Once I had children of my own, I was adamant that I would ensure that they were comfortable with numbers from an early age, so that mathematics would never be a cause of concern for them. To some extent, I was successful but only until they started school. Once they were doing maths lessons I found to my dismay that I couldn't help. This wasn't because the maths itself was difficult but because I simply couldn't understand the way the subject was being taught. Even simple arithmetic was shrouded in impenetrable methodology.

And what was worse was that often I suspected that the person teaching it didn't really understand the method and so consequently the children would have been sent home with inadequate explanations of what they needed to do. Thus, while I could tell them the answer to a problem, I couldn't for the life of me show the working in the way that it was required. 

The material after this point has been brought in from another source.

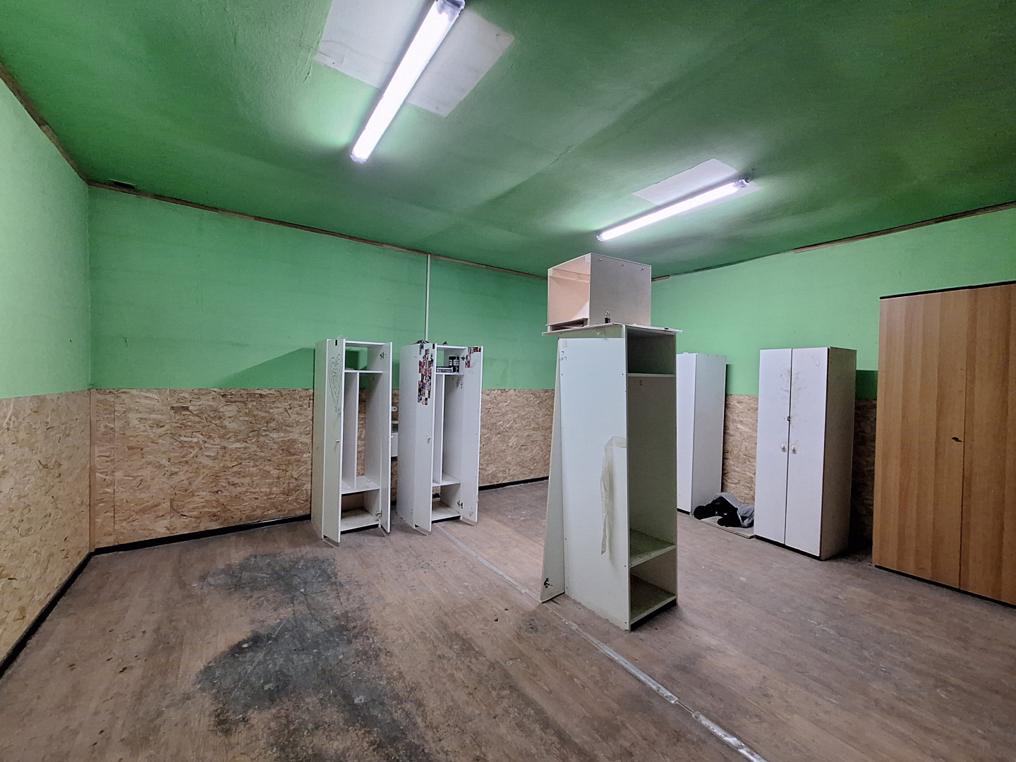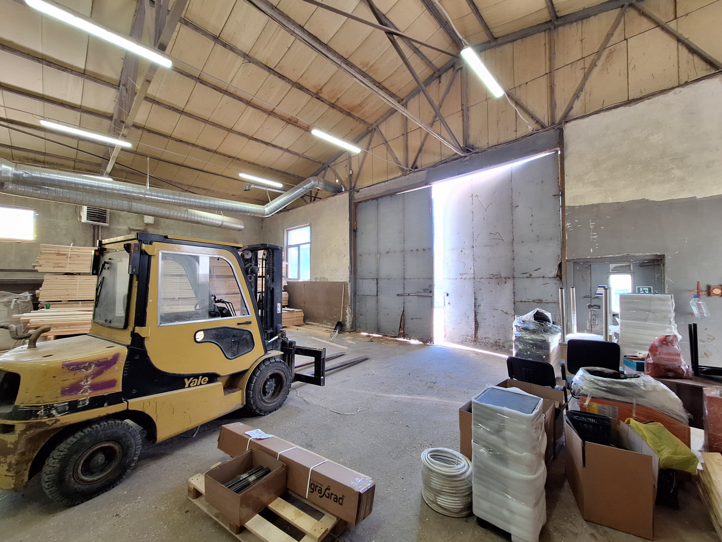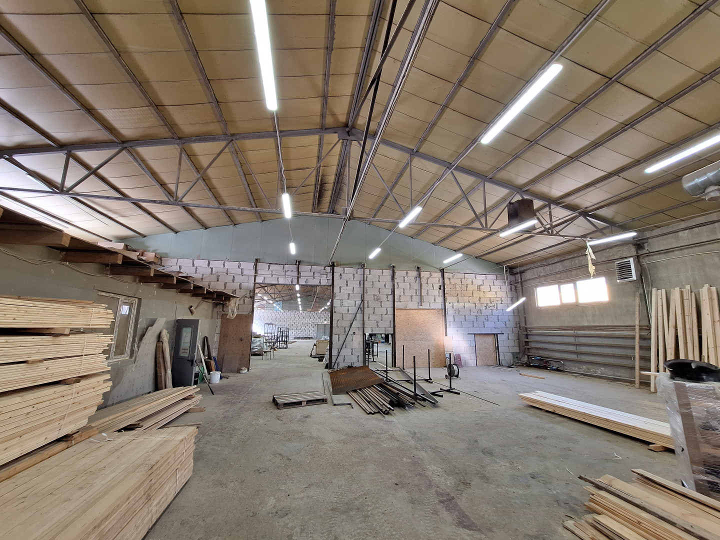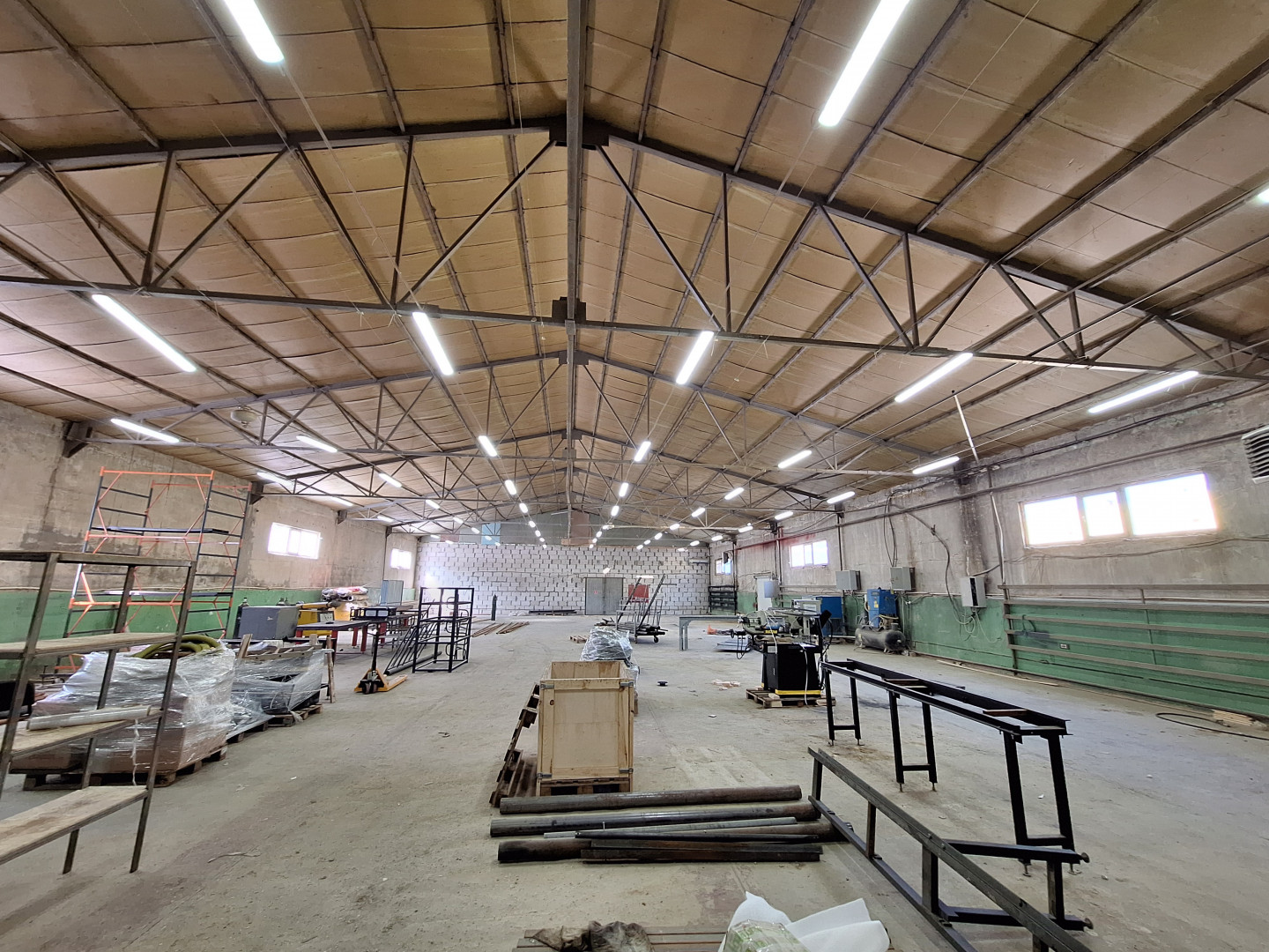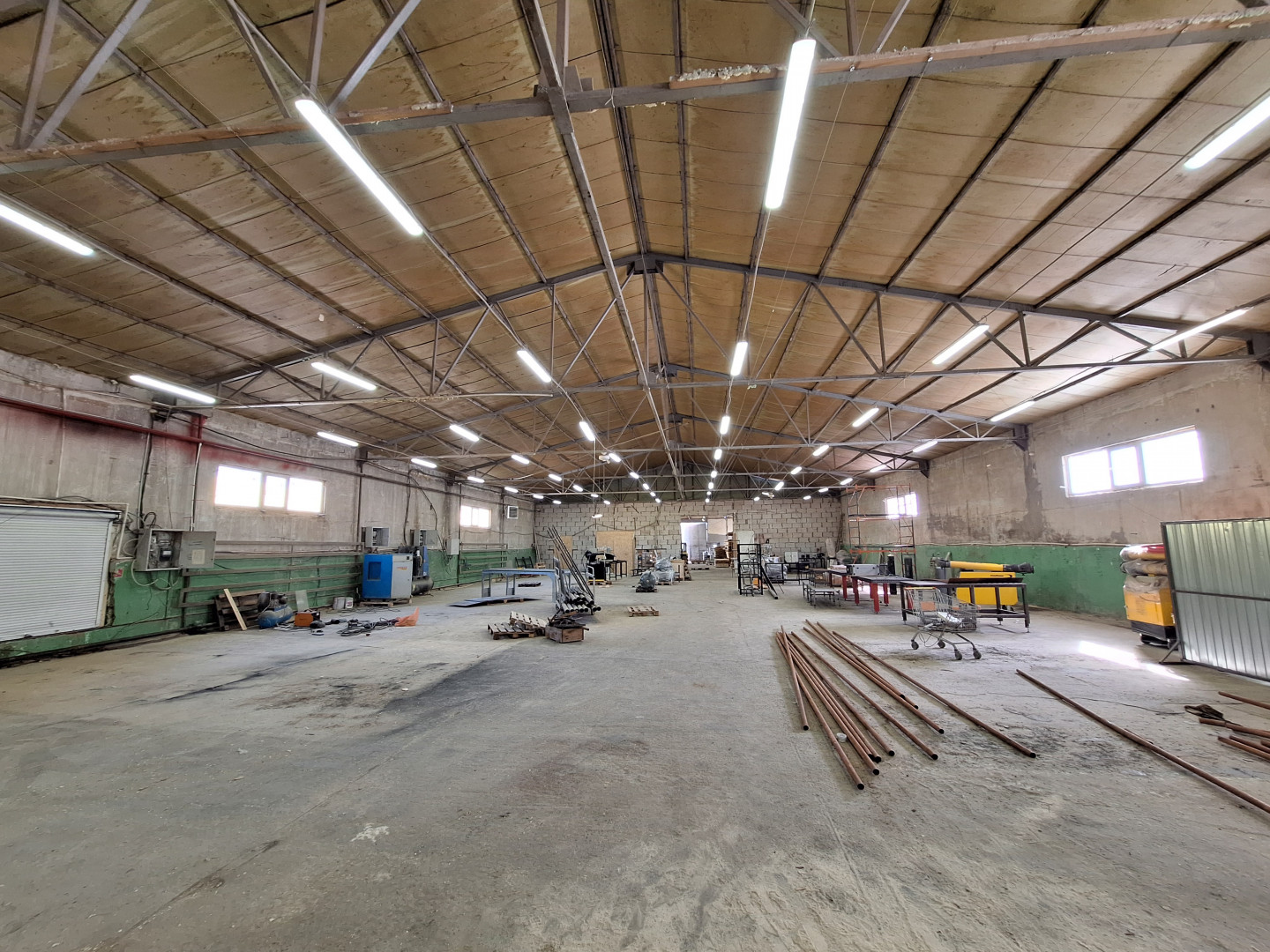 Здание отдельно стоящее, разделено на два помещения: 720 кв. м. и 480 кв. м., включая 115 кв. м. - офис, санузел, душевая.

And so it has been this week, with Abi sent home with a sheet to complete but literally no idea what she's supposed to do. It's all to do with fractions. I like fractions! And whilst I suspected that I was unlikely to instil a similar affection in her over the course of one set of homework, I hoped to set her off down the same road. 

So, we went back to basics, taking a drawing of a cake and dividing it into quarters and eighths, and thereby seeing that a quarter is the same as two eighths and, from there, how one could add a quarter to an eighth without any need for hyperventilation. That method was less use when we got to adding a fifth to a quarter but the basics were now in place.

I think it's a terrible shame that some children come away from school scared of - and scarred by - maths. And I think it's criminal that so few come away being excited by maths. (I have a similar rant along the lines of 'How can anyone manage to make physics boring?!') There is some serious but perhaps esoteric beauty to be found in the world of numbers in the same way that there is more magic and cause for dumbfoundedness in the world of physics than there is in any Harry Potter book or religious text. In fact, there is so much to marvel at in this world that I despair when I talk to small children stuck doing projects on the Tudors and not, for example, on the Apollo missions. There's something to get excited about! In fact, there are so many things to get excited about. And maths can be one of them.